Why Chinese Tech & US Film Production Need Each Other

Photo of Tim Mulligan
by Tim Mulligan

iStock_000016059660_SmallThursday’s (January 25th) announcement that Tencent was acquiring 10% of movie and TV production company Skydance Media, revealed the latest front in the content war being fought between tech and media, and increasingly between US companies and their Chinese competitors.

Skydance Media, now valued at $1.5 billion following the Tencent equity acquisition, was launched in 2010 by Oracle Founder Larry Ellison’s son David Ellison. (Larry Ellison’s daughter Megan is also the founder of production company Annapurna Pictures). Skydance specialises in action and sci-fi franchises, such as Mission Impossible, Star Trek, and Terminator—all titles that appeal to audiences outside of the US.

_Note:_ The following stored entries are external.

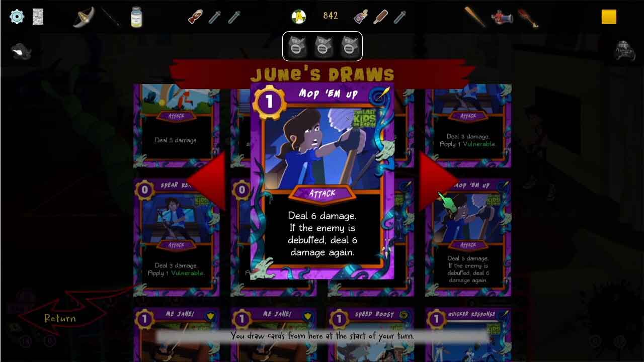 อย่างที่เราพูด Last Kids on Earth: Hit the Deck เป็นเกมการ์ดวางแผนผลัดกันเล่นเป็นทีมที่มีภารกิจมากกว่า 30 ภารกิจตามเรื่องเล่าในซีรีส์นวนิยายเรื่องนี้ ในการต่อสู้ของเกม คุณต้องใช้การ์ดที่ไม่ซ้ำกัน 60 ใบสำหรับตัวละครแต่ละตัวที่สามารถใช้สำหรับการโจมตี การป้องกัน หรือการทำงานเป็นทีม การ์ดเหล่านี้สร้างขึ้นตามความสามารถพิเศษของตัวละครแต่ละตัว ซึ่งแต่ละการ์ดจะมีเอฟเฟกต์ที่แตกต่างกันเมื่อ การต่อสู้แสดงตัวเอง ในการต่อสู้แต่ละครั้ง คุณสามารถเลือกตัวละครได้สูงสุดสองตัวสำหรับแต่ละภารกิจ ซึ่งจะทำเป็นเทิร์นและเทิร์นละสามแต้ม และคุณสามารถดูแต้มของการ์ดแต่ละใบได้ที่มุมซ้ายบนของภาพ
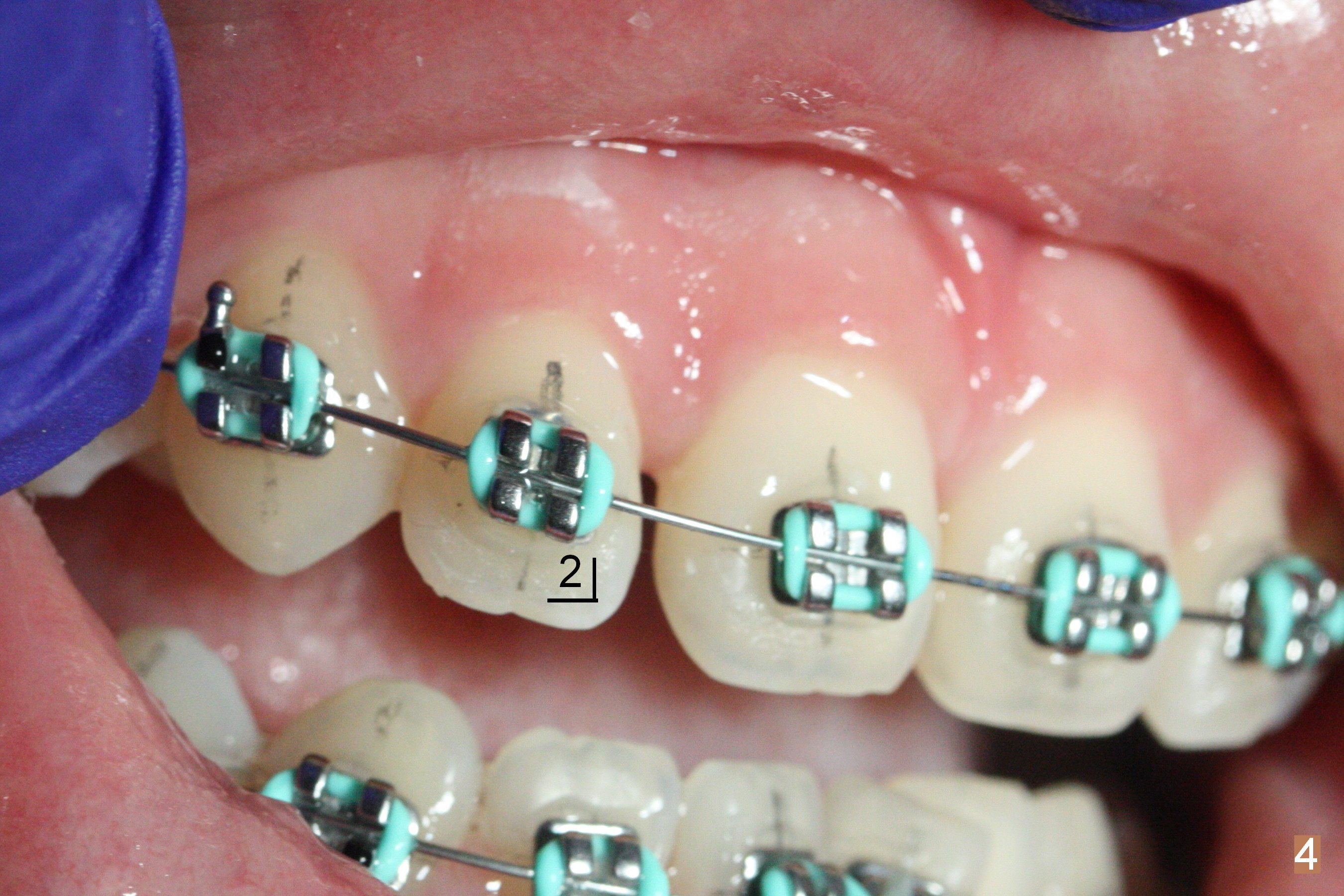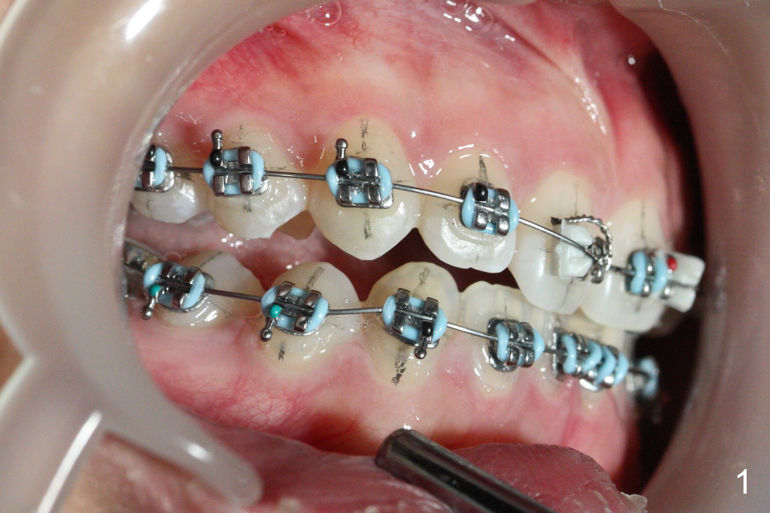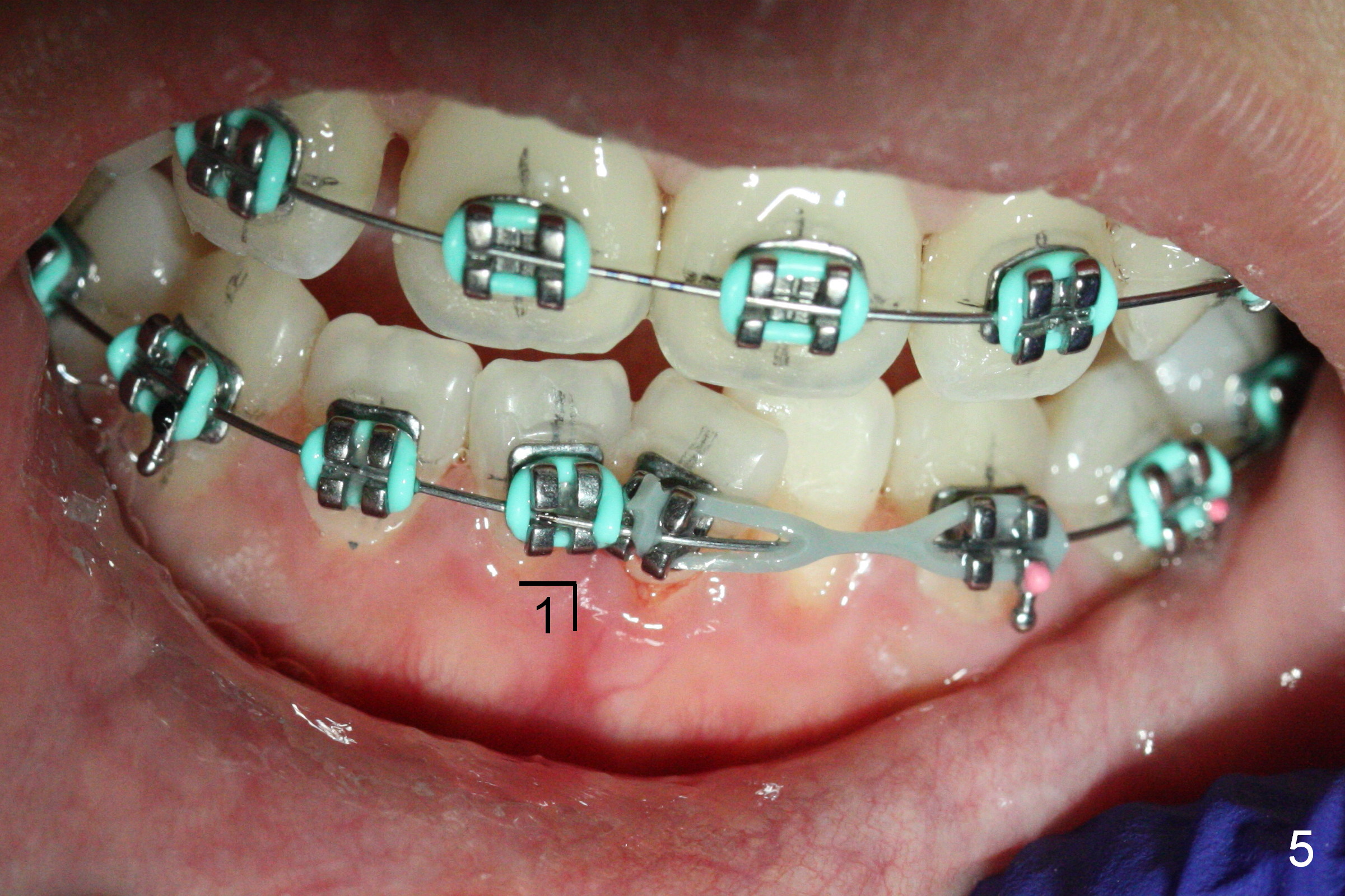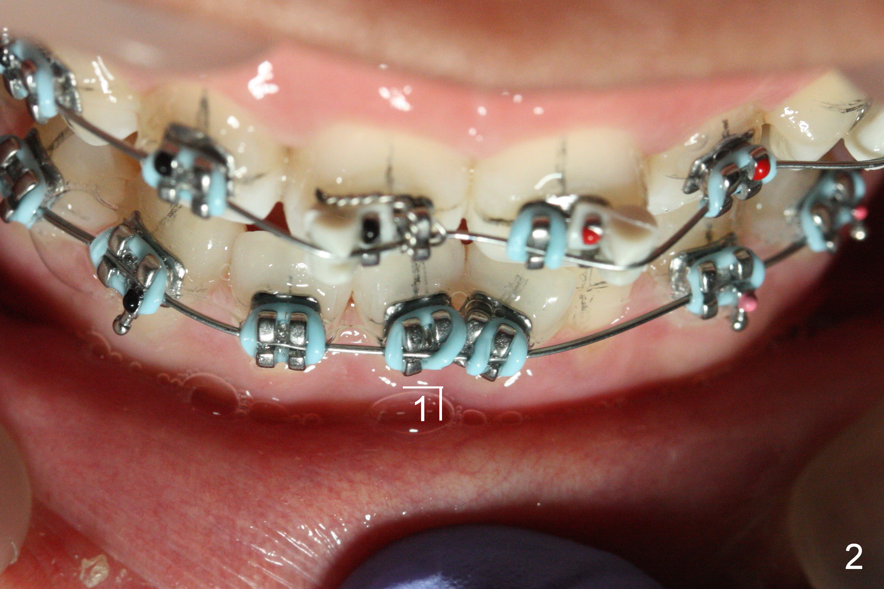 The second issue for this case is crowding of the lower incisor. There is no space between brackets LR 1 and LL 1 so that the alastiks at the sites are not fully engaged (Fig.2). Ideally the bracket at LL1 should be not placed initially. When there is severe crowding, lines for each bracket should be drawn. Brackets should be tried in without application of bonding material. What will happen in this region next appointment?
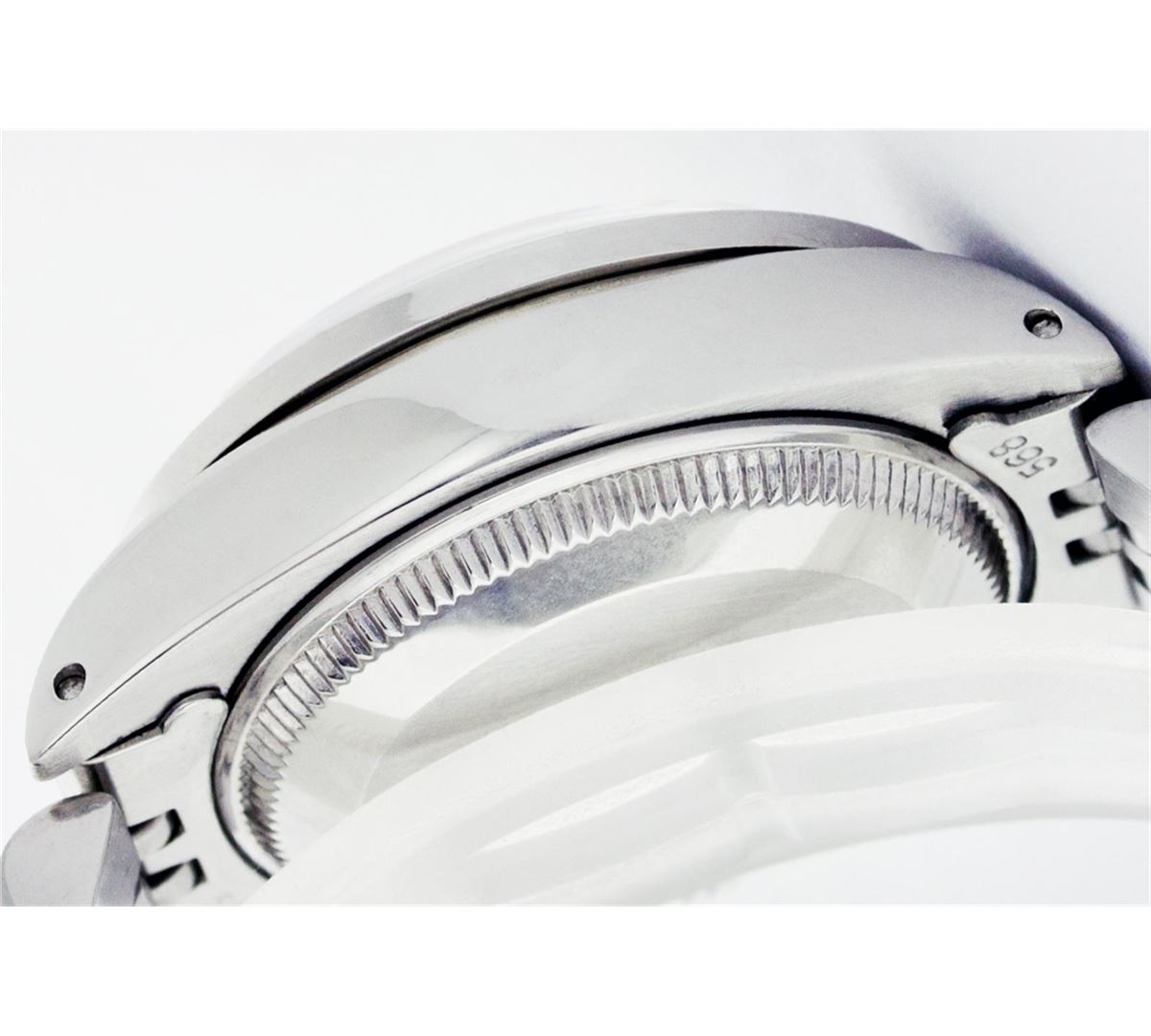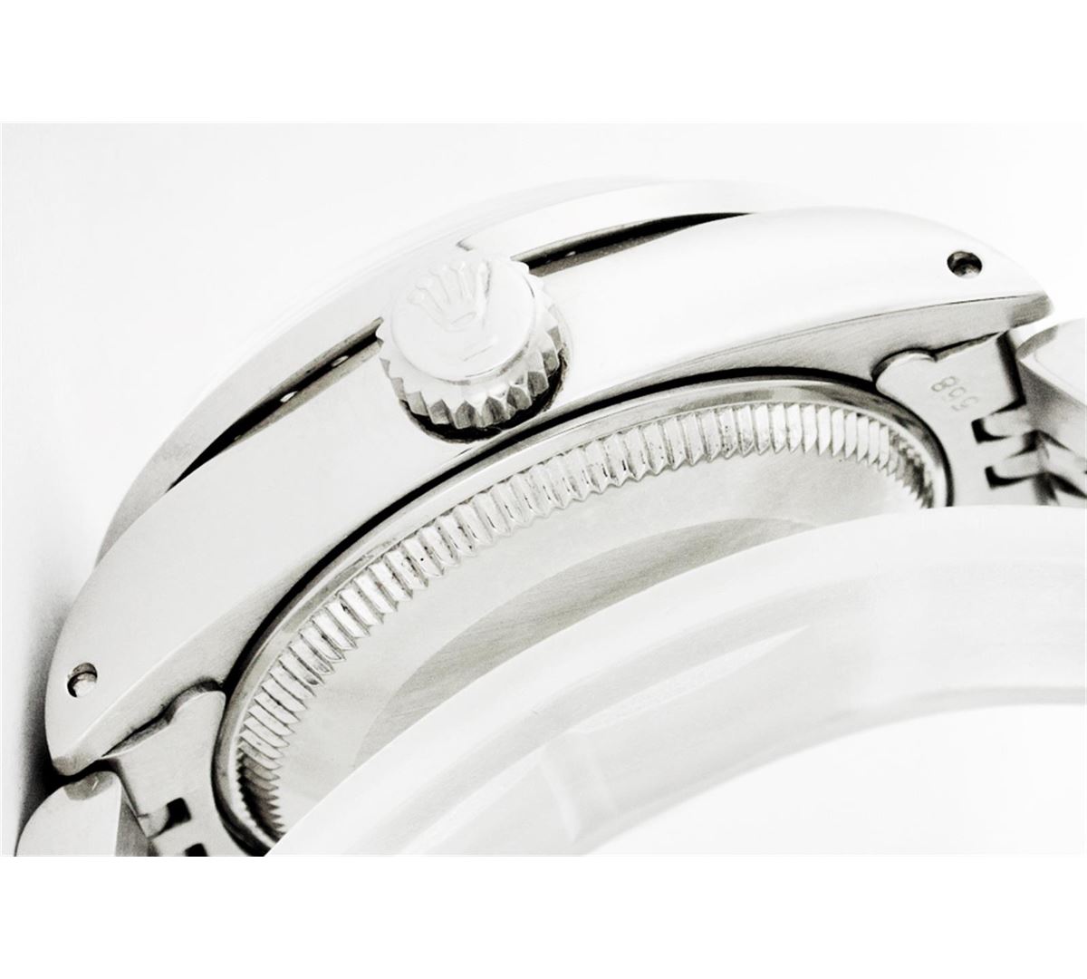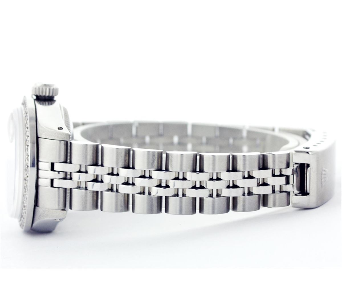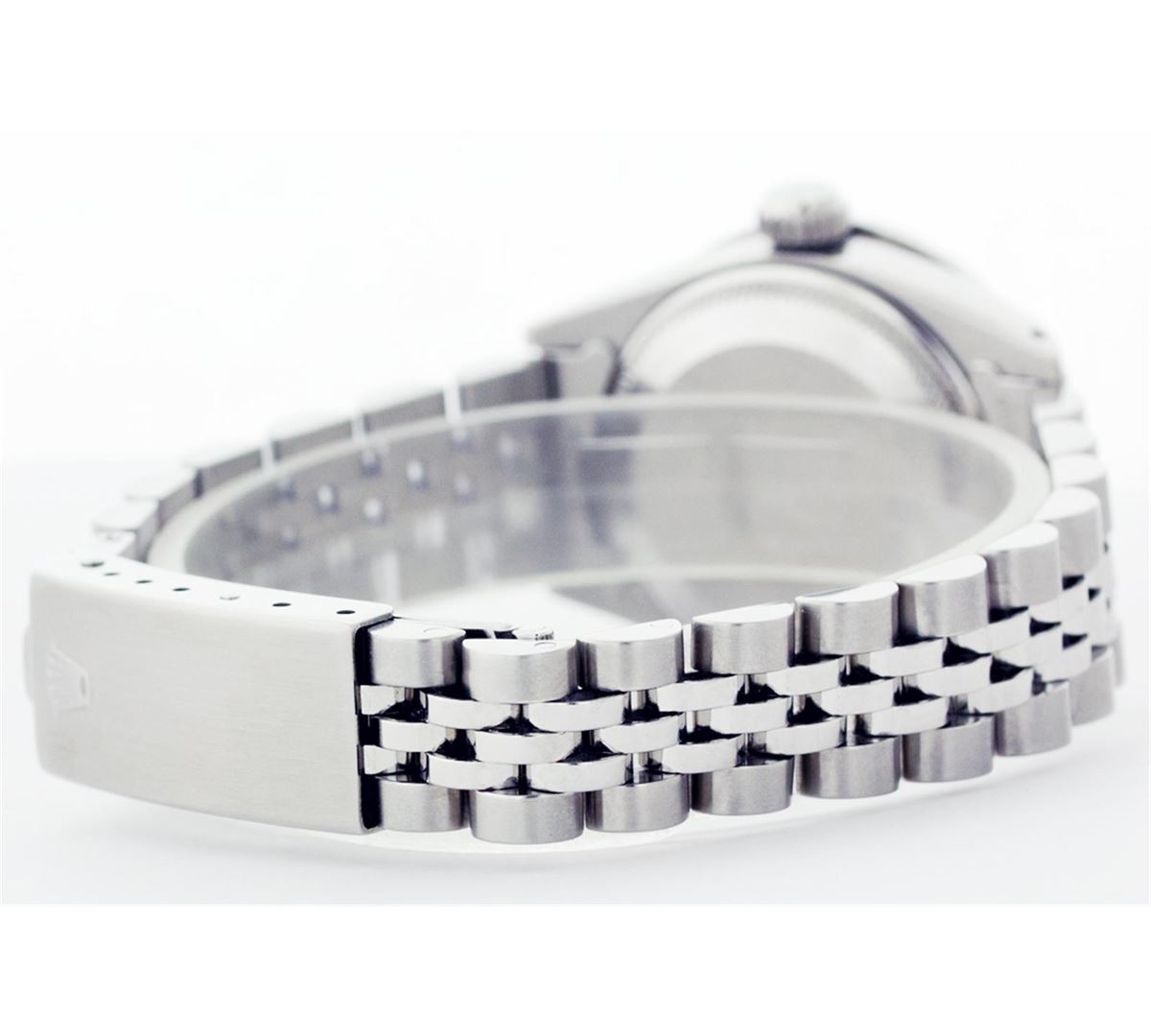 One Ladies Rolex Datejust Polished Bright with Satin Finish, Serviced & Electronically Tested, Stainless Steel Case:26mm, Stainless Steel Crown, Custom Bezel: Stainless Steel Beadset Diamond Bezel, Diamond Count: 40 Diamonds Total Weight .70 Carat, Clarity: SI-VS, Color: G to H. Custom Crystal: Synthetic Sapphire Cyclops Lens. Movement: Automatic Winding Movement Caliber 2030. Custom Dial: Meteorite String Diamond Dial. Diamond Count On Dial: 43 Diamonds, Clarity: SI-VS, Color: G to H. Date Window: 3 O'Clock Position Date Display, Model: 6917 Condition: G-6 Extra Fine. Bracelet: Stainless Steel Jubilee Band. Non quickset. Bright Polish & Satin Finish. 5.5 Inch Length, Adjustable. Standard Clasp, With Rolex Logo.

US movie audiences are eroding while Chinese audiences continue to grow

From a US film production point of view, an approach by a significant Chinese content player is to be welcomed. In 2017, US box office receipts were down 9% on 2016 numbers. At the same time, Chinese box office receipts were up 13% on the back of a 4% increase in ticket sales. This suggests that Chinese audiences still have considerable room for increased pricing, generating higher average revenue per user (a tactic US theatres have spent the last decade using to conceal declining ticket sales.) China’s $8.5 billion box office is now only 18% below the US, which means that if the current trend continues, then 2018 is the year when China becomes a more important box office market for the US movie industry than the US.

Crucially, the most successful format for Chinese audiences are action and sci-fi. Add to this the fact that China imposes a quota cap of 34 foreign films per year in the country, and partnering with a significant Chinese partner makes even more sense.

Tencent brings monetisable audiences as well as cash to the equation

Aside from being part of the world’s fastest growing box office market with increased revenues, Tencent had another huge selling point for US audiences: Tencent Video—a service it deploys via its QQ messaging platform ecosystem. Tencent video is a rare example of a successful monetisation strategy for messaging apps which now serve more than 7.2 billion monthly active users. Monetising these highly-engaged users is notoriously difficult as struggling US messaging app owner Snap attests to in its public filings.

So, not only does Tencent bring cash and partnership opportunities, it also brings a next-generation audience monetisation channel for a US film production company looking to future proof itself against changing consumer behaviours.

For Tencent the opportunity to lock in on-demand Hollywood content for its domestic audiences is hugely appealing and helps it build a content moat against streaming video app competitors in the Chinese market. And, of course, buying a minority stake allows cash generative Tencent to invest in non-Chinese assets without inciting displeasure from the Chinese regulatory authorities, i.e. the National Development and Reform Commission, which is currently closely scrutinising and vetoing international acquisitions by Chinese conglomerates.

Last week’s deal, while a significant milestone for both Skydance and Tencent, it also represents the future proofing of the film industry in general.